Coaches constantly tout the virtues of tough love, but most share Pinkett’s view that, “You don’t hand out suspensions unless you know you’ve got somebody behind that guy that can make plays.” And, striking a similar pragmatic note, you don’t recruit troubled players unless you think the potential benefits are worth the potential risks.The goal of these suggestions is to force coaches to calculate the cost/benefit ratios differently:
- Any player charged with a misdemeanor, let alone a felony, must be suspended until charges are dropped or the sentence is served.
- Two strikes and you’re out: Any player convicted of more than one crime loses his scholarship, period.
- The minimum suspension for a misdemeanor should be four games, and one season for a felony.
- The four-game suspension should apply to conference and bowl games so that teams don’t whittle down their impact by scheduling out of conference games against Lamb-to-the-Slaughter U.
- The personnel from universities should be strictly prohibited from establishing contact with someone, like the manager at the Swamp, who is contemplating criminal action against a student-athlete.
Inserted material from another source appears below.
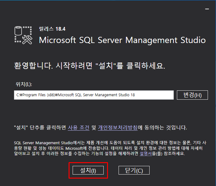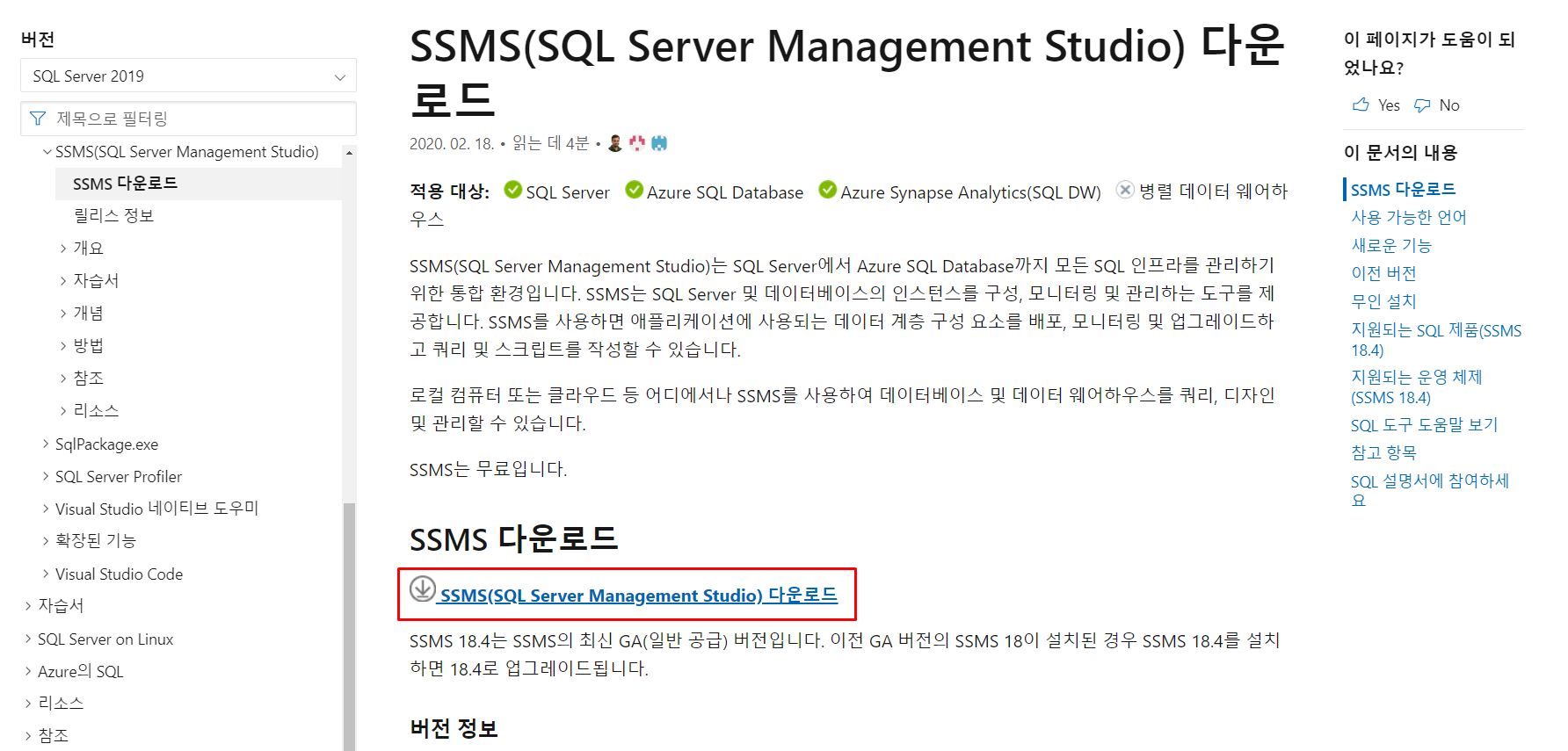 SSMS 하단에 SSMS(SQL Server Management Studio) 다운로드> 클릭

This should constitute a major violation with a five-scholarship deduction from the next recruiting class.
- Universities should be required to compile a list of all players who have been arrested and turn it over to the NCAA. The NCAA should then publish these statistics and grade each program.
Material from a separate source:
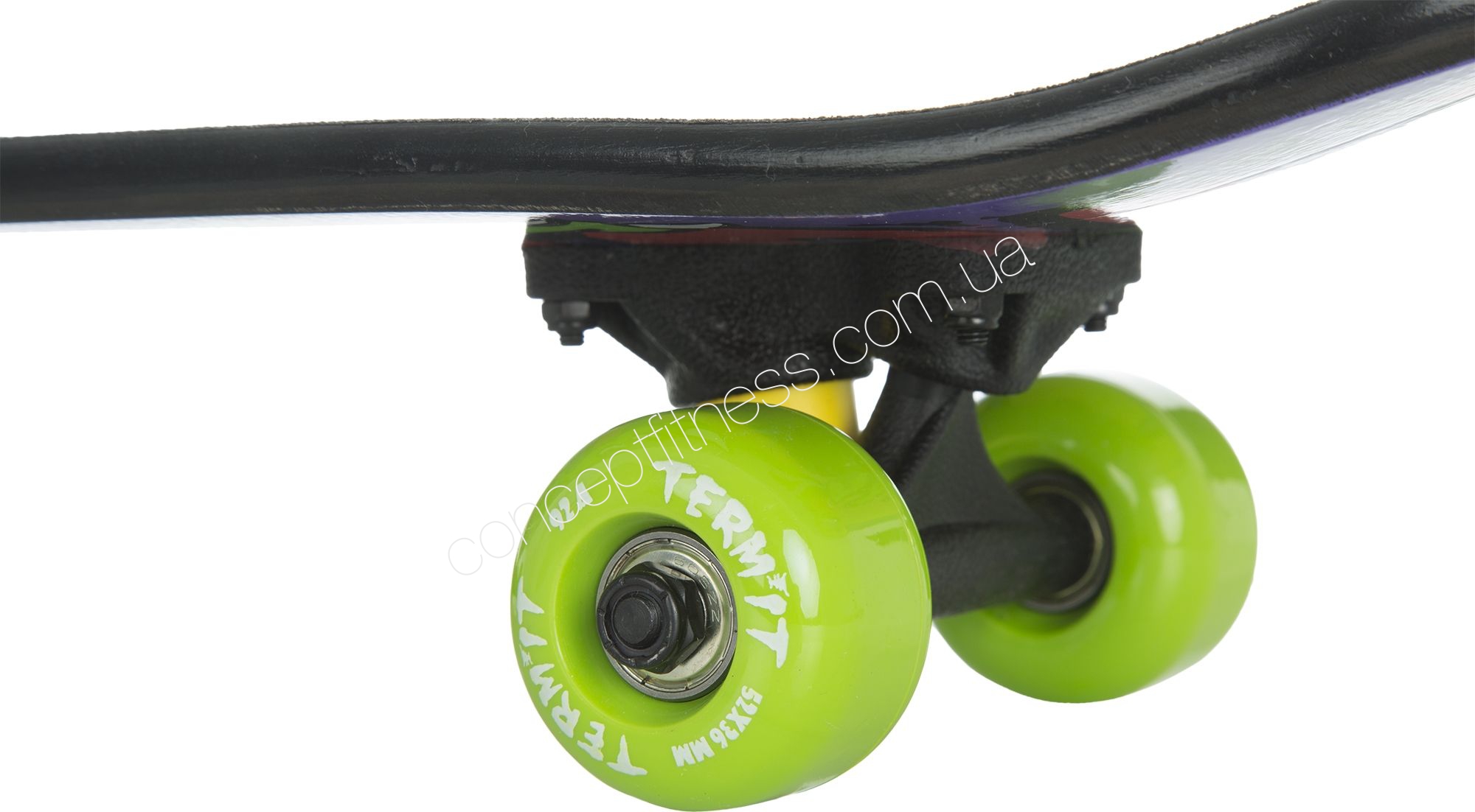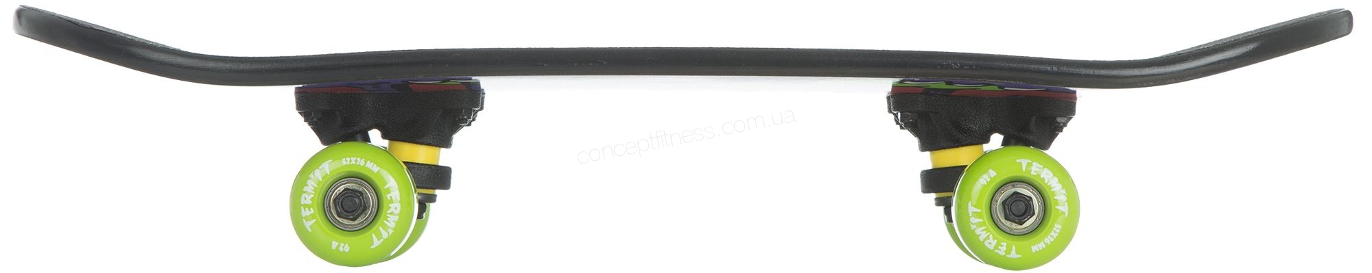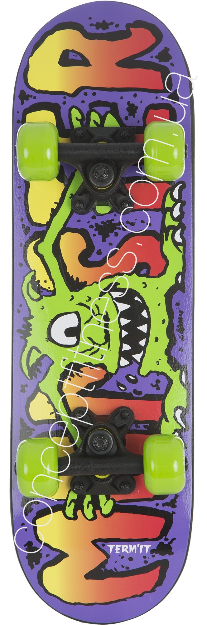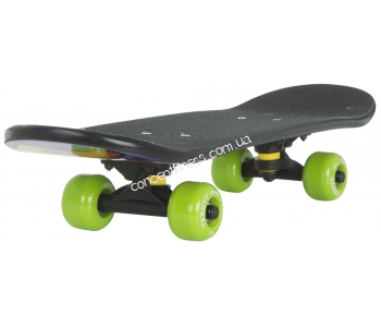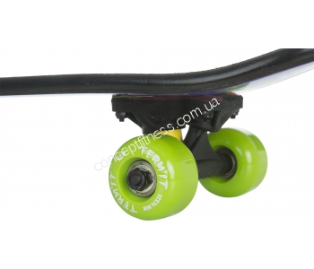 Дитяча модель скейтборду Терміт TSKB116-ZY оснащена дерев'яної, 9-ти шарової декою, поліуретановими амортизаторами, погашати всі дорожні нерівності. Гарантія на скейтборд 2 роки, не вимагає спеціального догляду, витримує вологу і потрапляння прямих сонячних променів. Трак ndash; алюмінієвий, міцний, не прогинається під весом.

The point of these suggestions is to compel coaches to absorb more of the risks and costs that come with recruiting and retaining athletes that do not embody the student ideal. As it stands, PR hit and possibly pangs of conscience aside, Urban Meyer has not had to bear the costs of the risks he took on Hernandez. Sadly, and perhaps tragically, those costs have been borne by others while Meyer has moved on to an even bigger salary at another elite program. I am not sure that he would have even recruited Hernandez if there had been mandatory suspensions, which would have been applied to conference games, clear criteria for dismissal, the inability to intervene in any potentially criminal matter, and a report card that would publicize and penalize any wrongdoings.
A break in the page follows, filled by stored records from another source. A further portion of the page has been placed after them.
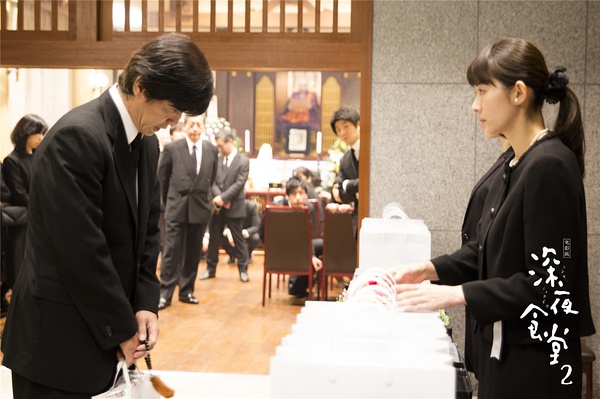 《深夜食堂2》在处理方式和剧情上沿袭了上一部,三个故事算是松松散散的围绕住了“死亡”这一主题。第一个故事的女主角在压力大时就喜欢穿上丧服出去走走,但只有每次穿上丧服之后才有人搭讪示好,这让她陷入了自我认识的困境,某天真的在葬礼上认识一位男士,以为宿命被打破结果对方是个偷祭祀品并欺骗伤心女子的惯犯。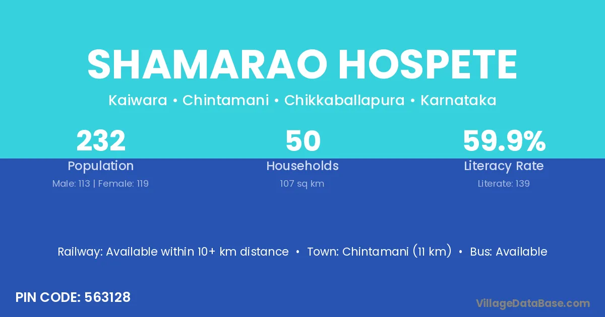Chintamani (11 km) is the nearest town to Shamarao Hospete village for major economic activities and is located approximately 11 km away.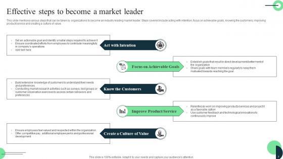 This slide mentions various steps that can be taken by organizations to become an industry leading market leader. Steps covered include acting with intention, focus on achievable goals, knowing the customers, improving product or service and creating a culture of value. Find highly impressive Market Leaders Guide To Influence Effective Steps To Become A Market Leader Topics Pdf on Slidegeeks to deliver a meaningful presentation. You can save an ample amount of time using these presentation templates. No need to worry to prepare everything from scratch because Slidegeeks experts have already done a huge research and work for you. You need to download Market Leaders Guide To Influence Effective Steps To Become A Market Leader Topics Pdf for your upcoming presentation. All the presentation templates are 100 percent editable and you can change the color and personalize the content accordingly. Download now. This slide mentions various steps that can be taken by organizations to become an industry leading market leader. Steps covered include acting with intention, focus on achievable goals, knowing the customers, improving product or service and creating a culture of value.

I know coaches would probably lobby against these kinds of proposals, because they don’t like change, especially when it requires more bureaucrats, and chafe at any loss of authority. But I think that, so long as these rules were applied uniformly, coaches would be better off because they would not be nearly as tempted to take chances on players who cost them so much of what little sleep they now get. I would like to think that both Meyer and Tressel are sincere in their religious convictions, even though they badly lost their respective scriptural plots. They were put in a position where there was a stark choice between serving worldly concerns and serving God, and we should take every step possible to reconcile serving both.